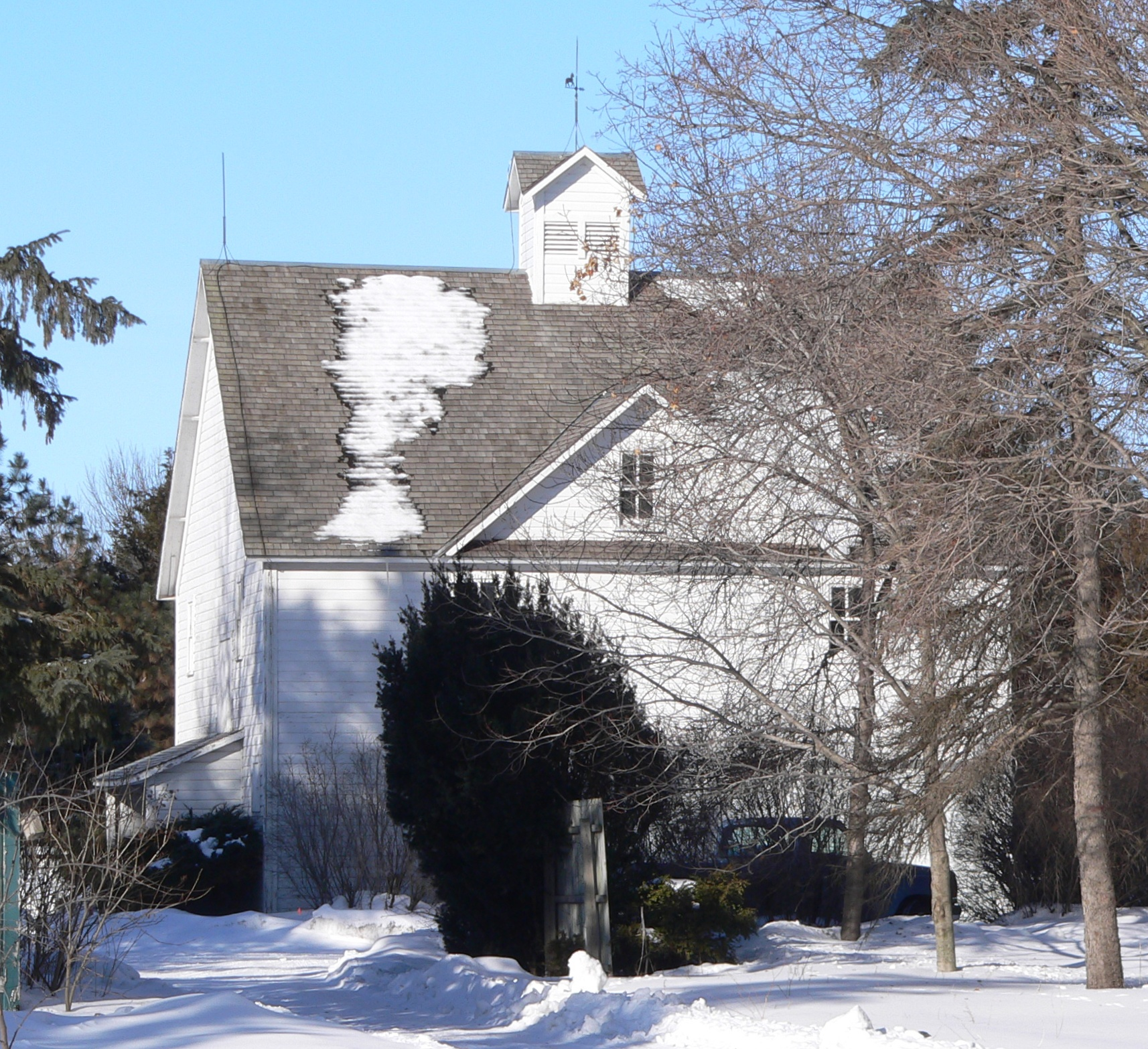 Carriage house behind John Wesley and Grace Shafer Warrick House in Meadow Grove, Nebraska; seen from the east. The Queen Anne house was built in 1903. It is listed in the National Register of Historic Places. The carriage house is included in the Register listing.
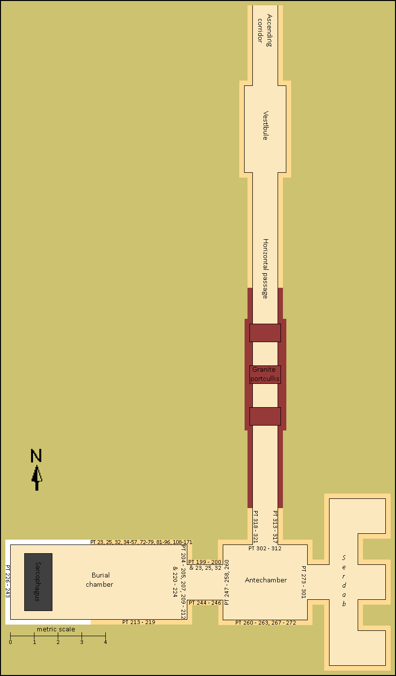 A depiction of the layout of Unas' substructure, including the relative positions of pyramid texts and colour-coded walls. Light orange: Fine white tura limestone; Red: Red granite; White: White alabaster; Dark grey: Greywacke. Based on Sethe, Kurt (1922) Die altaegyptischen Pyramidentexte nach den Papierabdrücken und Photographien des Berliner Museums, Dritter Band, Leipzig: J. C. Hinrischs'sche Buchhandlung, pp. 116–119 & 164–166
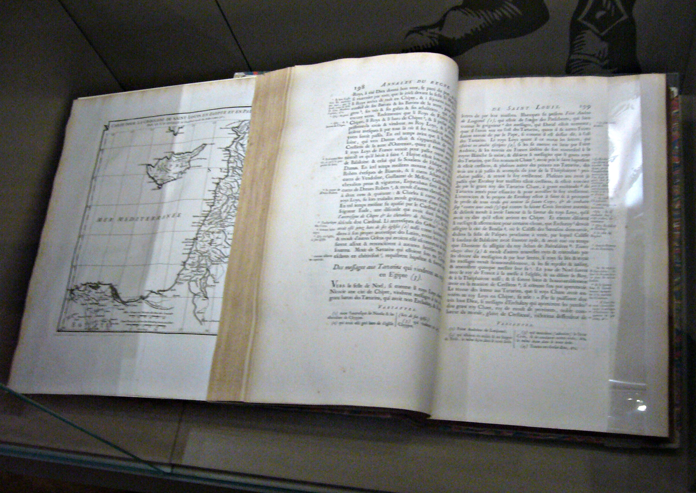 Book from Jehan de Joinville - "Histoar de Saint Louis", which refers to the Saint Louis and to his visit to Cyprus during the 7th crusade (1770 year) - Leventis Municipal Museum, Nicosia, Cyprus
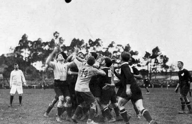 New Zealand playing Australia during the Wallabies tour.
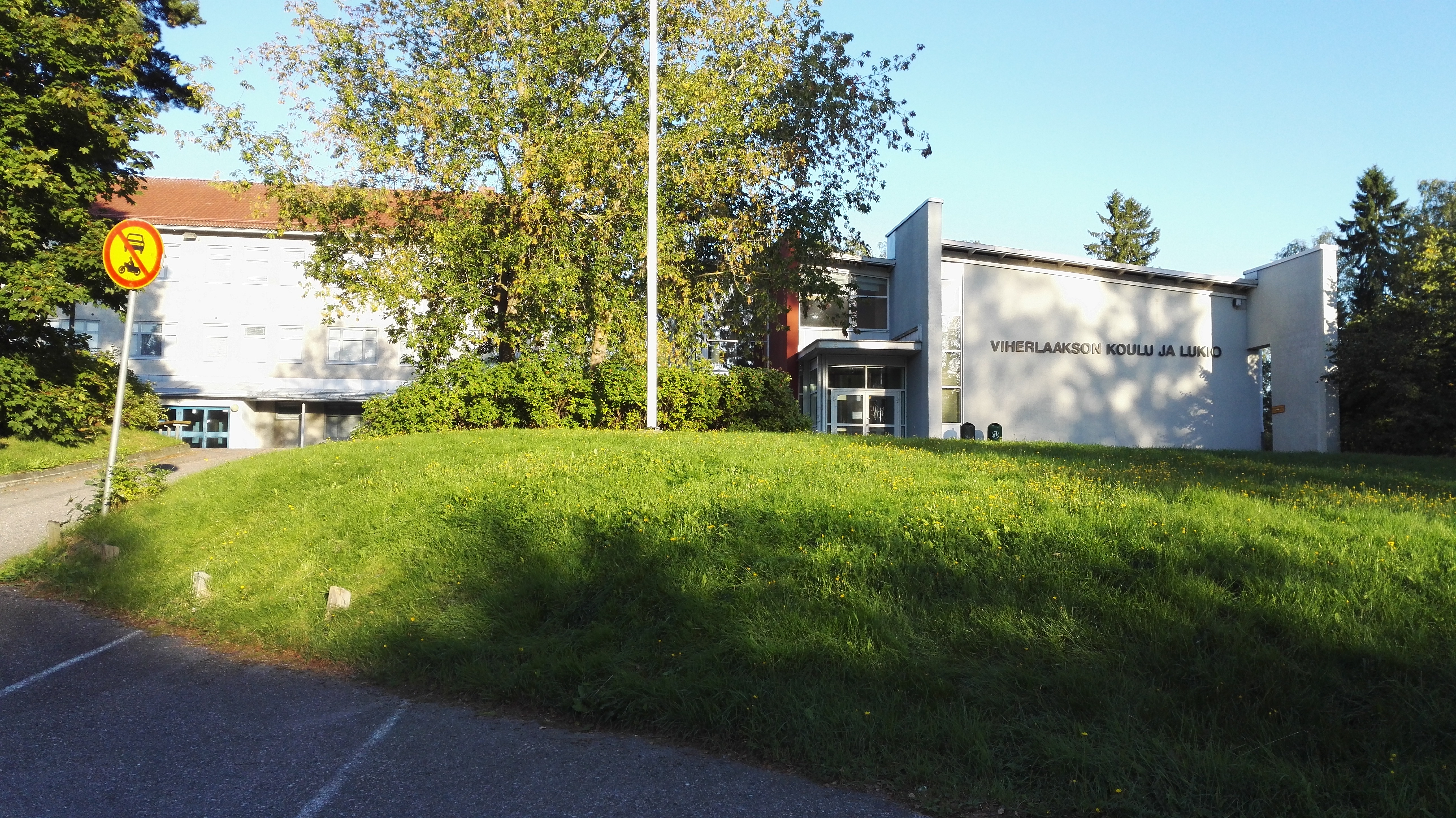 Viherlaakson koulu ja lukio is a school in Espoo.
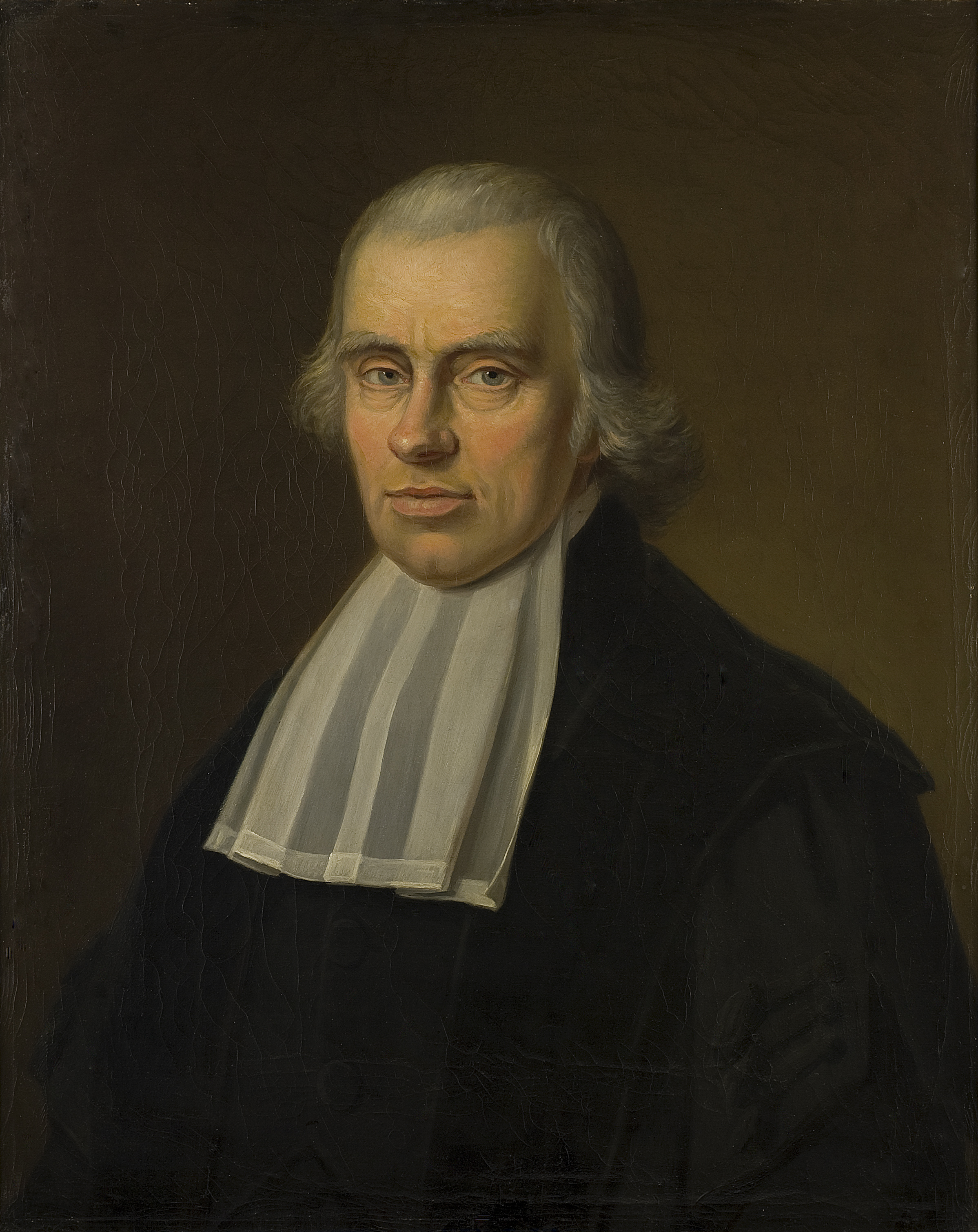 Probably copy After Wessel Lubbers (1755–1834) DescriptionDutch painter, pastellist and silhouette artistDate of birth/death 22 March 1755 29 September 1834 Location of birth/death Weener, Germany Groningen Work periodbetween circa 1770 and circa 1834 date QS:P,+1500-00-00T00:00:00Z/6,P1319,+1770-00-00T00:00:00Z/9,P1326,+1834-00-00T00:00:00Z/9,P1480,Q5727902Work location Groningen (1807-1834)Authority control : Q2839334 VIAF: 287848571 ISNI: 0000 0003 9353 9007 DBNL: lubb010 BPN: 70545609 RKD: 51123 creator QS:P170,Q4233718,P1877,Q2839334 pastelmedium QS:P186,Q189085

» **PROBLEM REQUIREMENTS**: In the entries above, find the line containing "Book from Jehan" and the line containing "Viherlaakson koulu ja", then copy both and every line between them exactly, without any picture.

» **PROBLEM SOLUTION**:
 Book from Jehan de Joinville - "Histoar de Saint Louis", which refers to the Saint Louis and to his visit to Cyprus during the 7th crusade (1770 year) - Leventis Municipal Museum, Nicosia, Cyprus
 New Zealand playing Australia during the Wallabies tour.
 Viherlaakson koulu ja lukio is a school in Espoo.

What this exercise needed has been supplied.